The deforestation trend and land-use changes will have a deep impact on the climate, triggering higher instances of flooding and drought and rising temperature. Already, rainy days have reduced in Kerala and Tamil Nadu while showing an increase in Maharashtra. Besides, “the regions in 8–12 latitude are experiencing an increase of 0.5– 1C mean temperature."

The reduction in rainfall and increase in temperature (dryness) can affect carbon stock in the region. "The farmers of peninsular India would face the threat of food security with erratic monsoon and lack of water,” noted the study, published in Natural Resources Research.

The remedial measures proposed are these: Immediate implementation of carbon capture (with afforestation of degraded landscapes with native species, regulations of LULC changes) and de-carbonization (through large-scale implementation of renewable and sustainable energy alternatives).

This should be executed through stringent norms toward (i) protection of ecologically fragile regions, (ii) dis-incentives for continued higher emissions based on polluter pays principle and (iii) incentives for reduced emission.

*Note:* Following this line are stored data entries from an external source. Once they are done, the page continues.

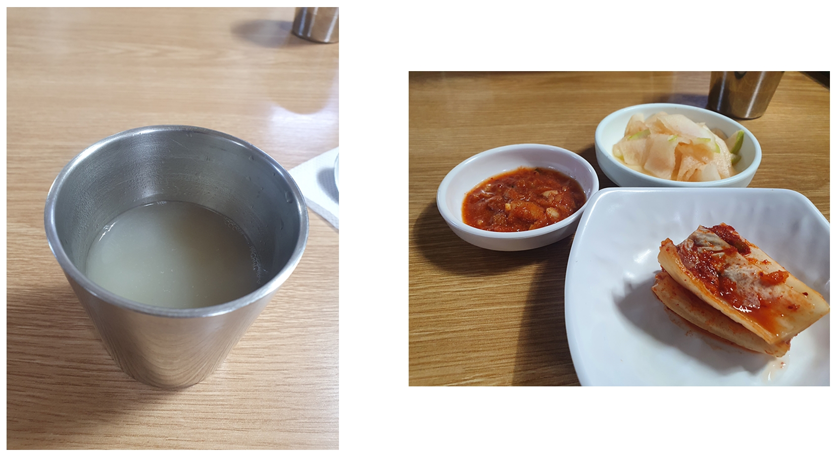 자리에 앉아 평양냉면과 만두를 시켰습니다. 가장 먼저 추운 날씨와 허기진 배를 달래줄 면수가 나왔습니다. 무심히 면수를 한모금 마셨습니다. 약간 무거운 느낌의 면수가 생각보다 마음에 들었습니다. 밑반찬으로는 김치와 무가 나옵니다. 좌측 위에는 만두를 찍어먹을 양념장입니다. 그냥 간장이 아니라 겨자가 조금 들어간 특이한 맛입니다. 뒤에서 다시 말하겠지만 만두와 무척 잘 어울립니다. 잠깐 기다리니 만두보다 먼저 평양냉면이 나왔습니다.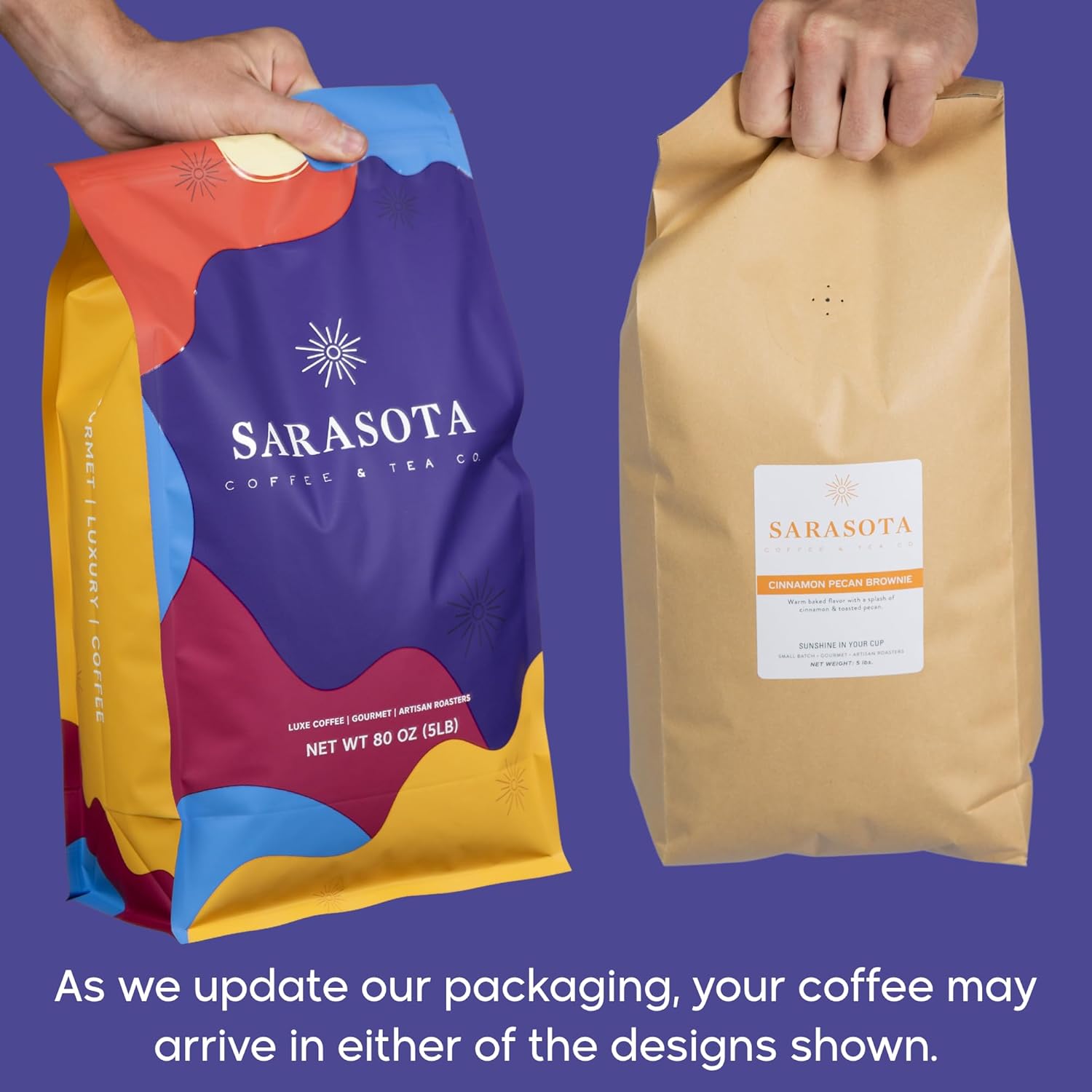 Sarasota Coffee Ground Cinnamon Pecan Brownie | Medium Roast Gourmet Flavored Coffee Grounds | Low Acid, Mold Free, Specialty Grade Flavored Bulk Ground | 5lb (80 oz)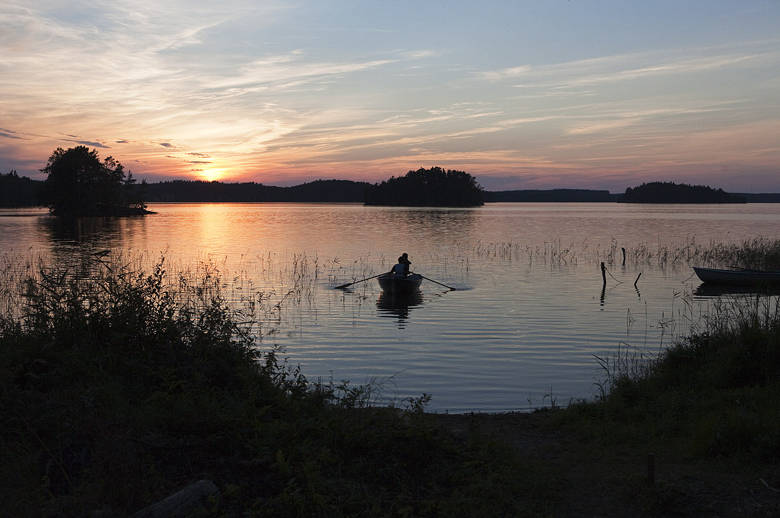 Vi sitter nere vid sjön och läser. Klockan är tio på kvällen och det är 22 grader varmt. Nästan osannolikt. Lommarna, de tres gäng, fiskar ute på sjön. Vi är bara fem mil från storstaden, men helt ensamma vid sjön. Också det osannolikt. Läser Noréns dagbok 2005 - 2012. Han skriver att "dagarna är som katedraler". Det kan man säga om hans bok också, i en Tranströmersk mening. Men han kanske blir arg om han läser att jag skriver så – han är bestämd i sin uppfattning om de människor han möter. Även om han en annan gång kan ha ändrat sig, eller kompletterat sitt omdöme. Det är också en sak jag gillar hos honom. Jag vet inte vad han tycker om Tranströmer. Ofta tycker jag lika, eller jag förstår i varje fall vad han menar, men ibland håller jag inte med. Förstår inte vad han har emot trion Jan Myrdal, Lars Gustafsson och PO Enqvist; det är han som buntar ihop dem. Alla fyra är ju i grunden lika kritiska till utvecklingen nationellt och internationell inom kultur och politik, om än i varierande grad och med litet olika inriktning på det man intresserar sig för. Norén får inget Nobelpris och erbjuds ingen plats i Akademien, tack och lov. Han är en för stor författare för det. Jag tar en bild av de två vasstråna, men det är en tid när man inte kan tala om vass, eftersom det innebär tystnad om så mycket grymhet, som Brecht skrev och Athena Farrokhzad påminde om oss i sitt Sommar. Ändå gör jag det. På trots. Vi lyssnade på Athenas program och sade till varandra att nu kommer DE att gå i taket. Mycket riktigt, och det hålet kommer att täppas till. I den propagandans järnkupol som DE innesluter oss i får det inte förekomma sådana röster. Där skall Obama och Carl Bildt få tala till punkt utan att bli ifrågasatta. Och underhållningen ska sådana som han som hade sommarprogrammet nägra dagar senare stå för. Det är så kul att lyssna till vuxna män som kliver ur segelbåten och simmar några meter under Öresundsbron. Det stör inte Carl Bildt. Kan man inte utvisa honom till USA? Är han överhuvud taget svensk medborgare? Han är mer USA än USA självt, en CIA-kille som står för det sämsta i det landet: imperialismen, antifolkligheten, högerextremismen, folkmorden, antikommunismen; krigshetsandet. Han har tagit värvning hos dem så varför ska han stanna här och dra in oss i krigen? Vi demonstrerar mot Israel, deras ockupation och ständiga mördande – men än har ingen enda av partiledarna ställt upp och talat på mötena. Varför är de så fega? Nu är klockan 22.30 och getingarna surrar fortfarande under bastutaket. Det är vindstilla på sjön. Nu kommer myggen så det är dags att gå in. (2014-07-24)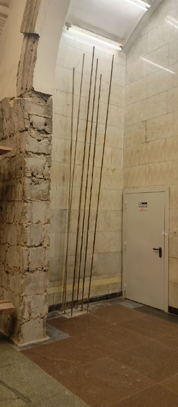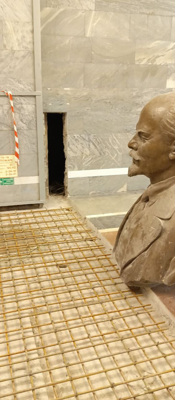 Бюст В.И. Ленина демонтирован, а на самой станции начинаются работы по армированию опор лестницы перехода.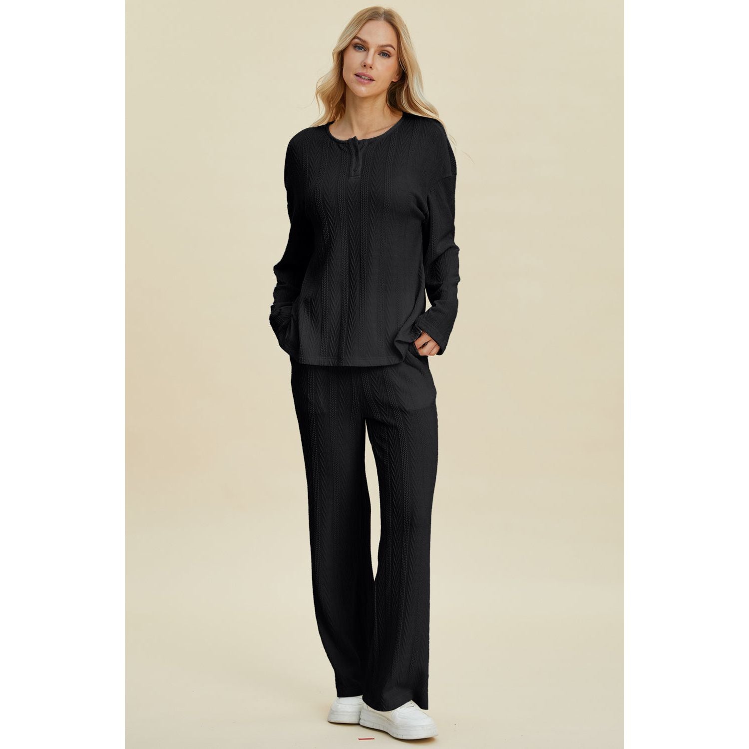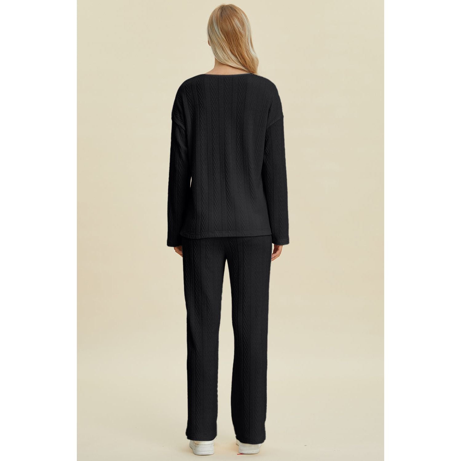 Double Take Full Size Cable-Knit Long Sleeve Top and Pants Set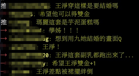 當《返校》女主角王淨走上紅毯時,瞬間成為網友們的焦點,大家都激動得在網路上熱烈討論她這一次所穿的衣服,紛紛留言表示,「王淨真的很美!」、「王淨好讚!」、「她這一次高衩開得好讚~」、「王淨是要結婚嗎?」、「希望王淨雙金~」、「王淨這套副乳跑出來了啦!」、「學姊!!」、「學姊瘦了~」。
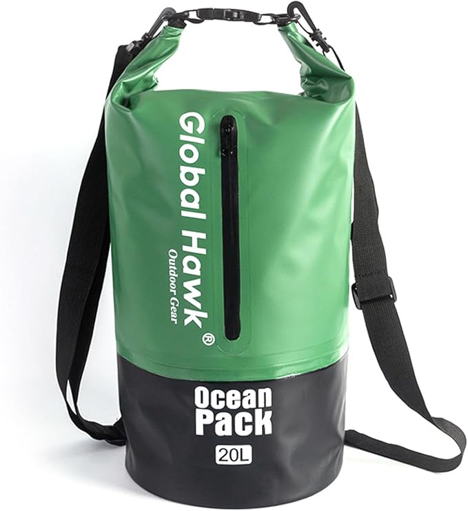 Waterproof Dry Bags: 10L, 20L Sizes - Ideal for Kayaking, Fishing, Rafting, and More! Adjustable Strap for Ultimate Convenience. Stay Dry While Adventuring (Green, 20L)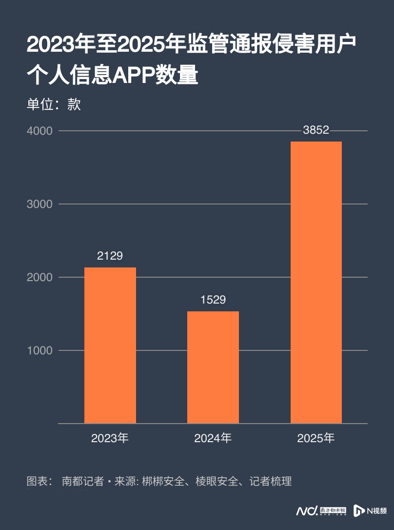 统计显示,2023年至2025年,被监管部门通报的APP(含SDK)数量分别为2129款、1529款和3852款。2025年的通报总数相比过去两年增幅明显。

The Western Ghats forests store 1.23 MGg of carbon (both above-ground biomass and soil). The annual increment of 37,507.3 Gg highlights the role of forests in lowering carbon at the regional level, the study said.

On the change in rainfall pattern, the study elaborates: "Across the agro-climatic zones at 1 degree latitude, Ghats and the transition zones in the south (Kerala, Tamil Nadu) show a decrease in rainfall ranging between 40 and 650 mm in the century with a decline of rainy days of 5–10 days.”

In contrast, the north (Maharashtra, Gujarat) showed increasing trends of rainfall ranging from 120 to 430 mm and rainy days by 3–6 days at Ghats and transition zones between Ghats and plains. Similar trend analyses of temperature show an increasing trend in temperatures all across the Western Ghats.